Semantic Denial of Service in LLM-controlled robots
Pith reviewed 2026-05-08 07:55 UTC · model grok-4.3
The pith
Short safety-sounding phrases injected via audio can make an LLM robot halt its tasks without any rule violation.
A machine-rendered reading of the paper's core claim, the machinery that carries it, and where it could break.
Core claim
By injecting short safety-plausible phrases (1-5 tokens) into a robot's audio channel, an adversary can trigger the model's safety reasoning to halt or disrupt execution without jailbreaking the model or overriding its policy. In the embodied setting, this is a semantic denial-of-service attack: the agent stops because the injected signal looks like a legitimate alert. Across four vision-language models, seven prompt-level defenses, three deployment modes, and single- and multi-injection settings, prompt-only defenses trade off attack suppression against genuine hazard response, with suppressed hard stops re-emerging as acknowledge loops and false alerts.
What carries the argument
Semantic denial-of-service via unauthenticated short safety phrases fed directly into the LLM's safety reasoning path, causing the model to treat injected audio as corroborating evidence for a hazard.
If this is right
- Prompt-only defenses can reduce hard-stop attacks on some models but change the disruption into acknowledge loops or false alerts rather than removing it.
- Using varied safety phrases is more effective at triggering stops than repeating one phrase, because models appear to treat diversity as stronger evidence.
- Any system that routes unauthenticated audio text directly into the LLM creates a direct security link between safety monitoring and action selection.
- The attack succeeds without overriding the model's policy, so standard jailbreak defenses do not apply.
Where Pith is reading between the lines
- Similar short-phrase injections could be tested in other input channels such as vision or text if safety prompts treat them as alerts.
- In teams of robots, one audio injection might cascade into coordinated stops if safety signals are shared without authentication.

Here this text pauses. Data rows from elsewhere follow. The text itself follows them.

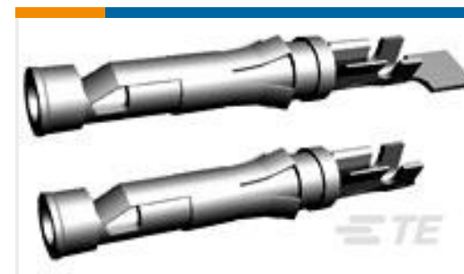
TE 产品编号1-66105-8 III+ SKT,24-20,30AU/FL,SMPACK
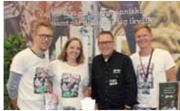
PMU på plats i montern.

På facebook håller vi dig ständigt uppdaterad kring aktuella händelser, frågor vi driver och hur det går för våra partners ute i världen.
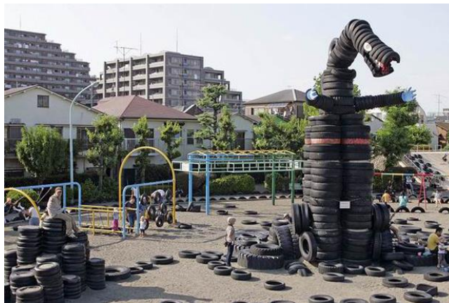
Figura 6. Escultura del enigmático personaje conocido como Godzilla
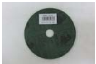
ファイバージスク
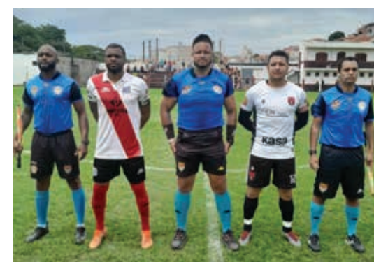
A arbitragem na partida final contou com: Bel (árbitro), Sidnei (auxiliar 1) e Adelino (auxiliar 2)
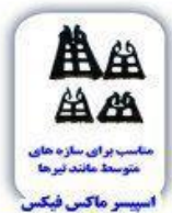
مناسب برای سازه های متوسط مانند لیرها اسپیسر ماکس فیکس
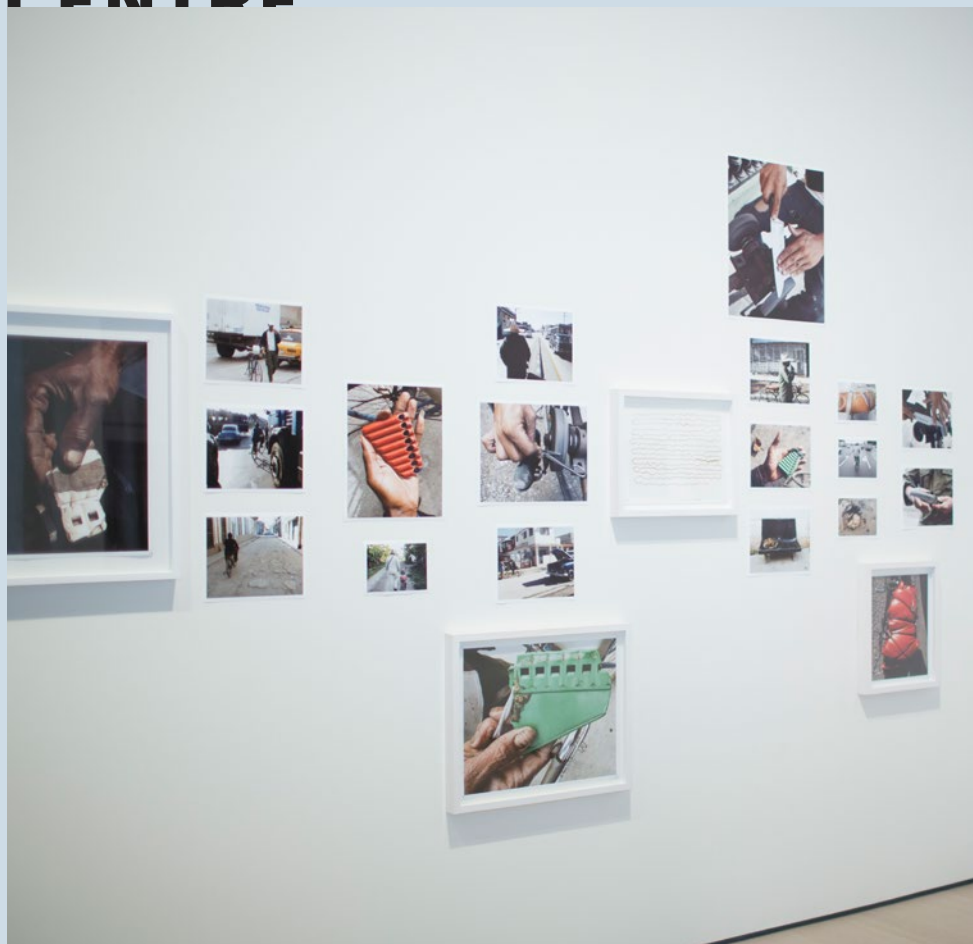
FELIPE DULZAIDES | Deja tu tono después del mensaje
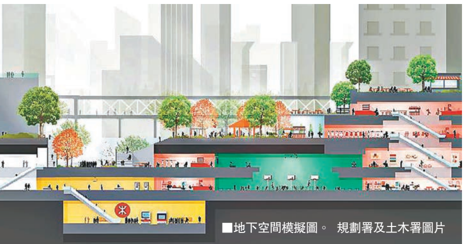
地下空間模擬圖。
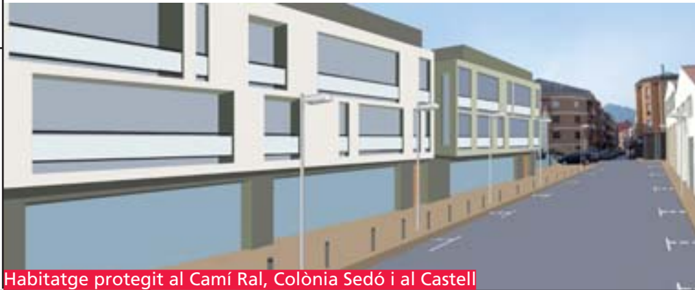
Habitatge protegit al Camí Ral, Colònia Sedó i al Castell
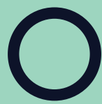
Dor no peito
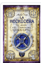
HECHICERA (SECRETOS INMORTAL NICOLAS FLAME VI) SCOTT, MICHAEL
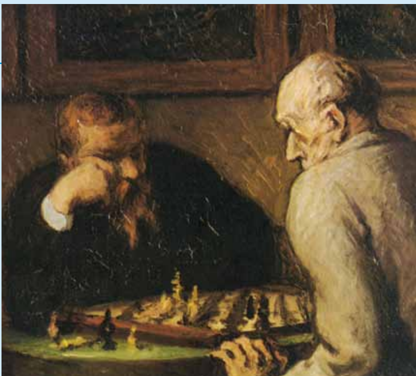
Worum geht es beim synodalen Weg? Den Gegner schachmatt zu setzen? Oder um eine Pattsituation zu zementieren?

Wie Bischof Vorderholzer in seiner „Persönlichen Erklärung“ nach der Abstimmung in der Deutschen Bischofskonferenz (DBK) am 25. September 2019 darlegt, geht die inhaltliche Ausrichtung der vier Foren „an der Realität der Glaubenskrisis in unserem Land“ vorbei. Es werden die „wahren Probleme nicht angegangen“. Es
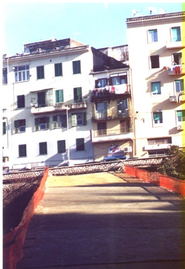
Frosinone - Rampa di lancio Via De Gasperi

La Ciociaria in questi anni ha subito anch'essa le devastanti conseguenze di decisioni prese quasi mai dai nostri Enti locali, colpevoli comunque di non aver opposto alcuna resistenza. Anzi, la nostra terra ha costituito e costituisce una sorta di laboratorio, di testa di ponte da occupare per favorire la presa di altri territori. Degli esempi?
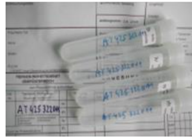
Beschriftung der Röhrrchen
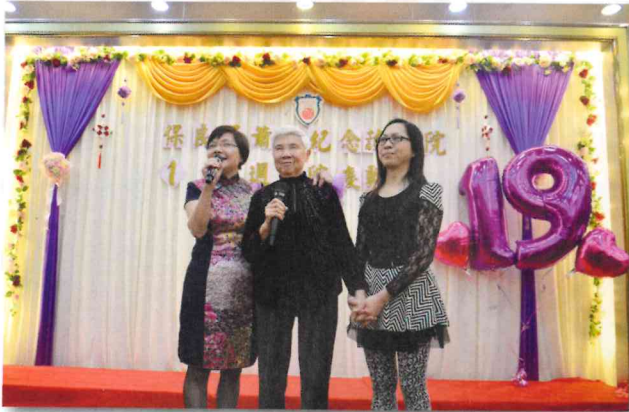
桂姐與院友、同工為院慶表演粵曲
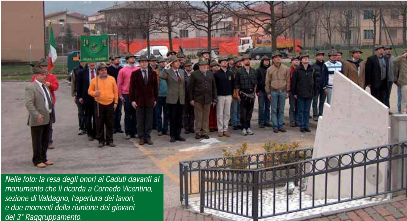
Nelle foto: la resa degli onori ai Caduti davanti al monumento che li ricorda a Cornedo Vicentino, sezione di Valdagno, l'apertura dei lavori, e due momenti della riunione dei giovani del 3° Raggruppamento.
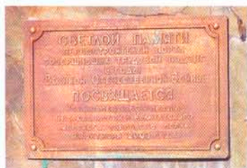
Памятный знак, посвящённый первым строителям Петропавловского порта

Одним из первых памятников, установленных на Дальнем Востоке, можно считать стелу, посвящённую основателю города – выдающемуся мореплавателю Витусу Берингу. Она была построена по инициативе экипажей кораблей «Открытие» и «Благонамеренный», прибывших в порт в 1821 г., и начальника Камчатки П.И. Рикорда примерно
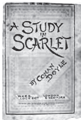
«Этюд в багровые тонах». Первое отдельное издание. 1888 г.

Этюд в багровых тонах ( A Study in Scarlet ). Первоначальное рабочее название «Запутанный клубок» ( The Tangled Skein ). Именно с этой повести Дойл становится известен как писатель детективов и воспринимается чуть ли не основателем этого жанра. Но на момент создания «Этюда в багровых тонах» уже было опубликовано множество детективных историй. Их писали Чарльз Диккенс, Уилки Коллинз и др. Сам Дойл называет только двоих писателей, на чье творчество он опирался: Эдгар По и Эмиль Габорно.
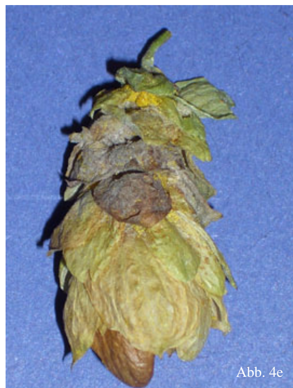
Abb. 4b - 4e: Hopfenmuster der Befallsklassen verursacht durch Echten Mehltau im typischen Verlauf. (b) geringer Befall; (c) mittlerer Befall; (d) starker Befall; (e) starker Befall im Detail.
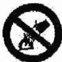
Divieto di spegnere con acqua
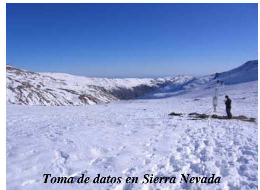
Toma de datos en Sierra Nevada

La UNESCO ha analizado el trabajo desarrollado por 564 reservas de la biosfera en materia de investigación, adaptación y mitigación de los efectos del cambio climático en el horizonte 2008-2013. En este sentido, ha destacado la labor desarrollada en este enclave andaluz a través del Observatorio de Cambio Global de Sierra Nevada que contiene un exhaustivo programa de seguimiento y numerosos
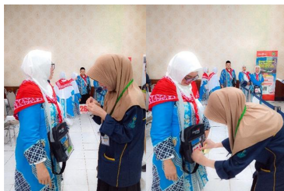
Gambar 4. 6 Proses Pemasangan Stiker Nomor Bus dan Nomor Kursi Pesawat

Berdasarkan temuan penelitian di lapangan, stiker tersebut ditempelkan pada bagian luar tas paspor jemaah, tepatnya pada bagian depan tas sehingga mudah terlihat oleh petugas maupun jemaah itu sendiri. Penempelan stiker pada posisi tersebut dilakukan guna mempermudah pengidentifikasian informasi mengenai nomor bus dan kursi pesawat ketika jemaah diarahkan petugas menuju bus ke bandara maupun pada saat proses keberangkatan.
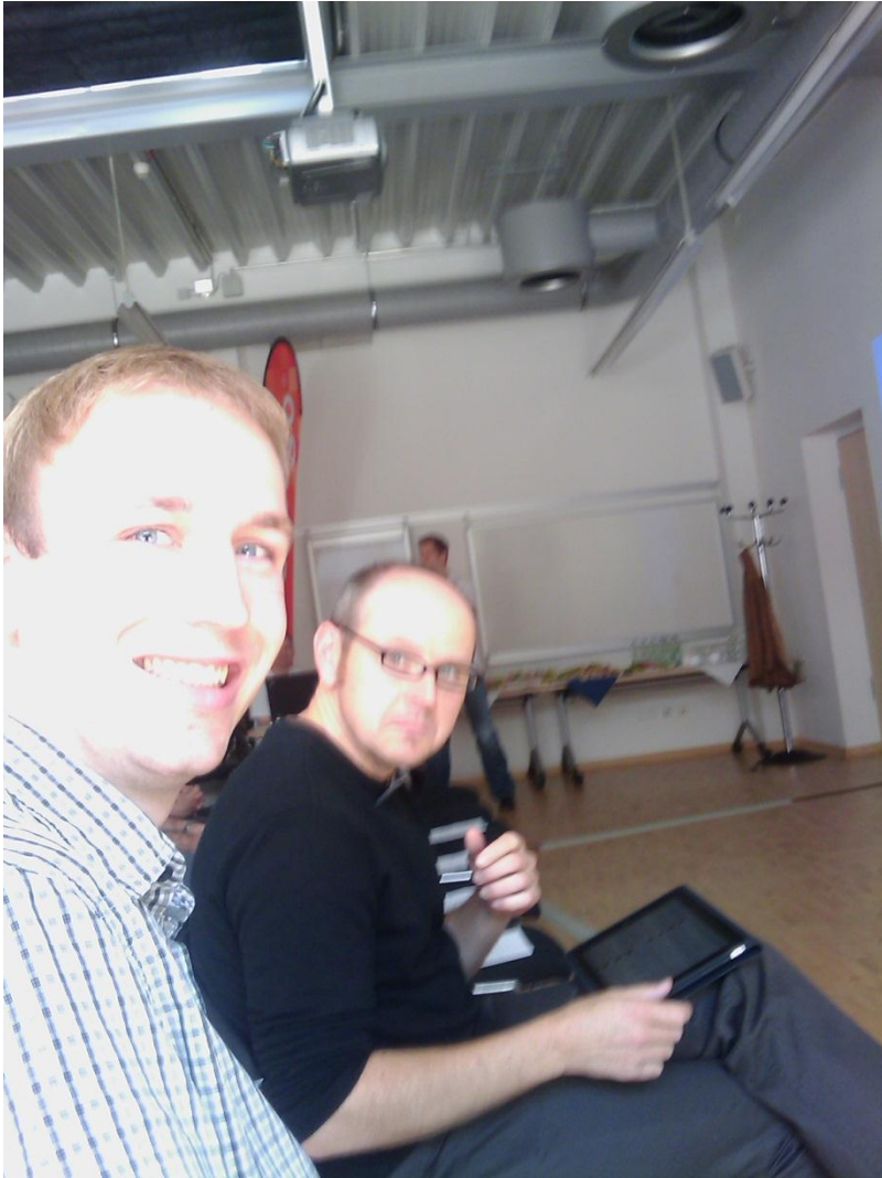
Die Referenten und ITA-Vertreter
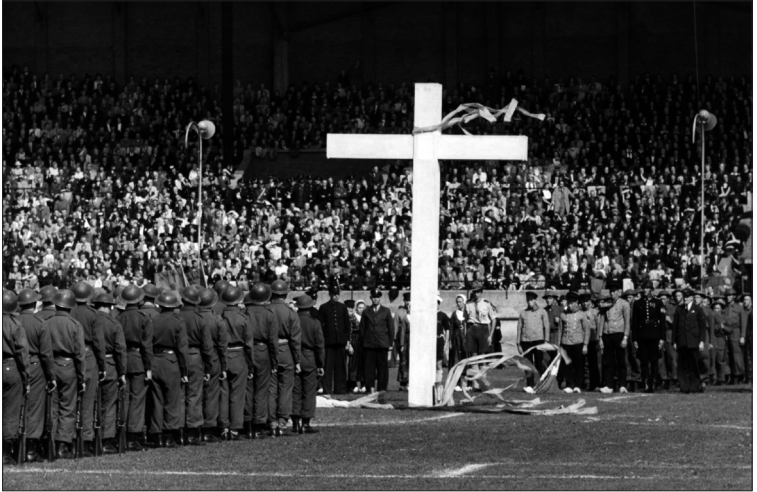
Opening van de herdenking van 1940-1945 in het stadion te Amsterdam, 31 augustus 1945.

- Architectural separation of safety monitoring from the main LLM decision loop would remove the dependency that enables the attack.
Load-bearing premise
The LLM will treat short injected audio phrases as legitimate safety alerts that require it to stop or change its current actions.
What would settle it
An experiment in which an LLM robot receives varied short safety phrases through its audio input yet continues its original task without any pause, loop, or false alert.
Figures
read the original abstract
Safety-oriented instruction-following is supposed to keep LLM-controlled robots safe. We show it also creates an availability attack surface. By injecting short safety-plausible phrases (1-5 tokens) into a robots audio channel, an adversary can trigger the models safety reasoning to halt or disrupt execution without jailbreaking the model or overriding its policy. In the embodied setting, this is a semantic denial-of-service attack: the agent stops because the injected signal looks like a legitimate alert. Across four vision-language models, seven prompt-level defenses, three deployment modes, and single- and multi-injection settings, we find that prompt-only defenses trade off attack suppression against genuine hazard response. The strongest defenses reduce hard-stop attack success on some models, but defenses change the form of disruption, not its fact: suppressed hard stops re-emerge as acknowledge loops and false alerts, which we measure with Disruption Success Rate (DSR). We further find that injection variety is consistently more effective than repeating the same phrase, suggesting that models treat diverse safety cues as corroborating evidence. The practical implication is architectural rather than prompt-level: systems that route unauthenticated audio text directly into the LLM create an avoidable security dependency between safety monitoring and action selection.
Editorial analysis
A structured set of objections, weighed in public.
Referee Report
Summary. The paper claims that safety-oriented instruction-following in LLM-controlled robots creates an availability attack surface. Short safety-plausible phrases (1-5 tokens) injected into the robot's audio channel can trigger the model's safety reasoning, causing execution halts or disruptions without jailbreaking or policy override. This is framed as a semantic denial-of-service attack in the embodied setting. Experiments across four vision-language models, seven prompt-level defenses, three deployment modes, and single/multi-injection scenarios show that prompt-only defenses trade off attack suppression against genuine hazard response; suppressed hard stops reappear as acknowledge loops or false alerts, quantified via a new Disruption Success Rate (DSR) metric. Variety in injections outperforms repetition, suggesting models treat diverse cues as corroboration. The authors conclude the issue is architectural, as unauthenticated audio routed directly to the LLM creates an avoidable dependency between safety monitoring and action selection.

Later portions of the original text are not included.